## To do
Retype the records word for word. Skip every image.

## Input data
# # # #
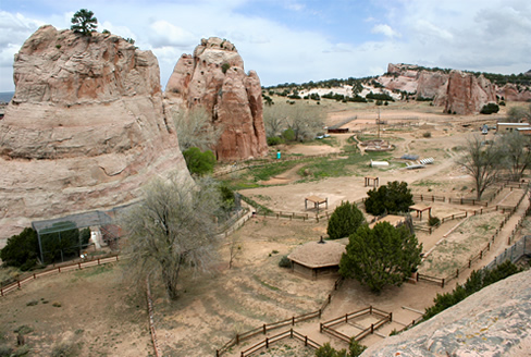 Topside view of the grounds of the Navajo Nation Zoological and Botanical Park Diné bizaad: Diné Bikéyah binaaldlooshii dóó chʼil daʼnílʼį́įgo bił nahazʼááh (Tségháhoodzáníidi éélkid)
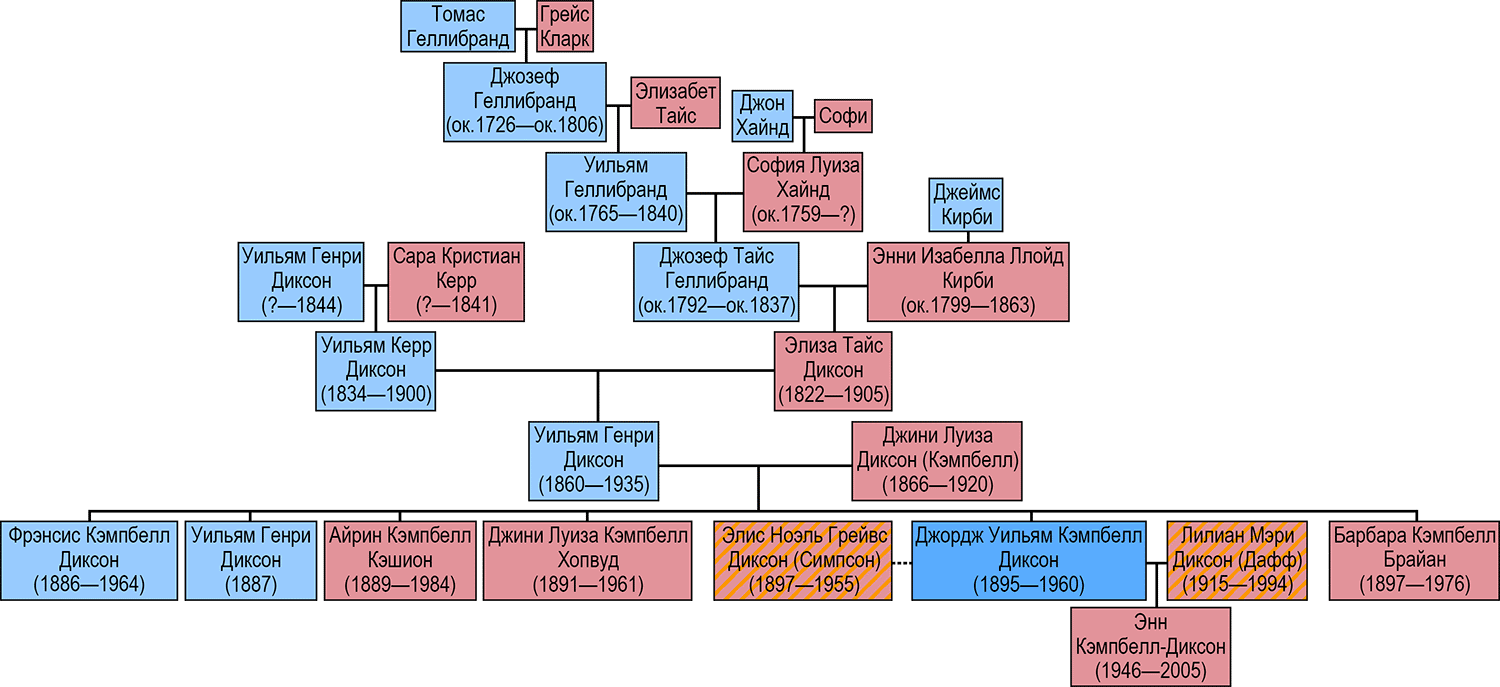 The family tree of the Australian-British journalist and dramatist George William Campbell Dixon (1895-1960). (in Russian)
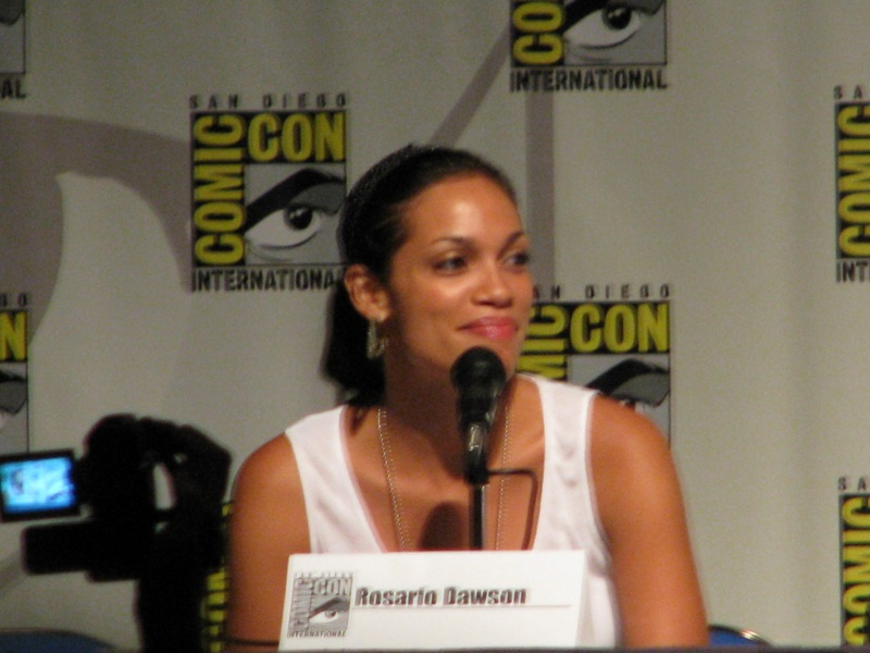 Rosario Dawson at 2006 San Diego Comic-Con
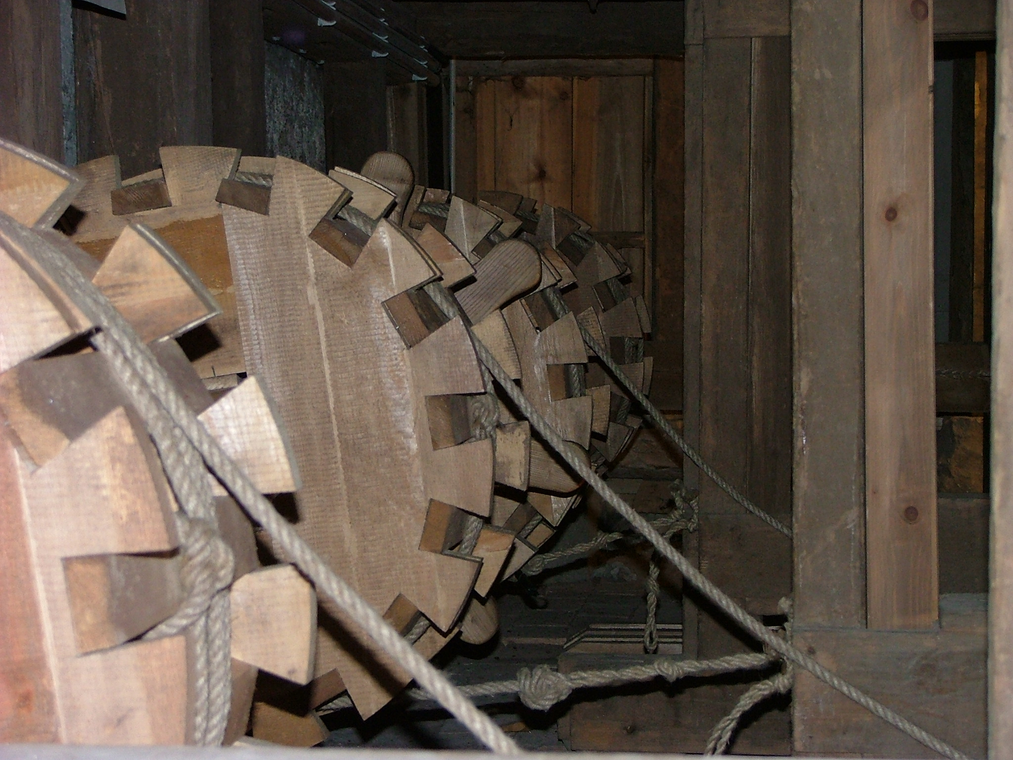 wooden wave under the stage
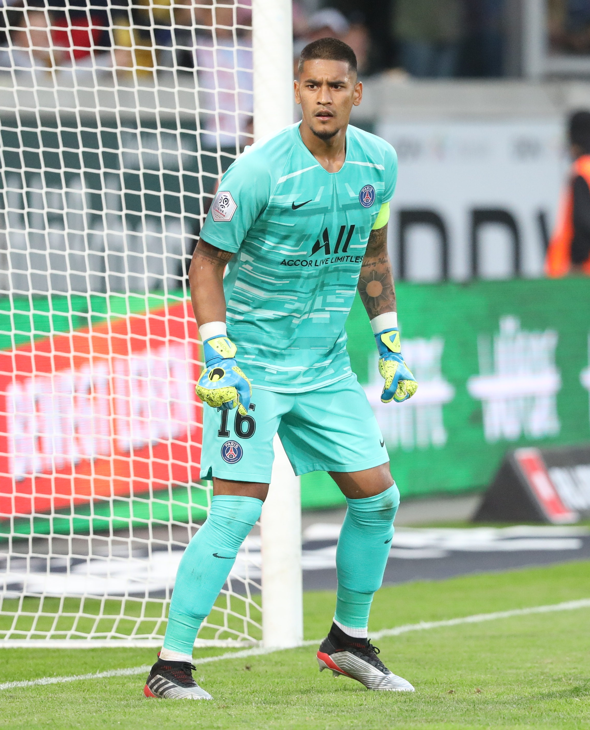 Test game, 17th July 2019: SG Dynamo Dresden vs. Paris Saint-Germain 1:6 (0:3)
# # # #
## Result of the exercise
 Topside view of the grounds of the Navajo Nation Zoological and Botanical Park Diné bizaad: Diné Bikéyah binaaldlooshii dóó chʼil daʼnílʼį́įgo bił nahazʼááh (Tségháhoodzáníidi éélkid)
 The family tree of the Australian-British journalist and dramatist George William Campbell Dixon (1895-1960). (in Russian)
 Rosario Dawson at 2006 San Diego Comic-Con
 wooden wave under the stage
 Test game, 17th July 2019: SG Dynamo Dresden vs. Paris Saint-Germain 1:6 (0:3)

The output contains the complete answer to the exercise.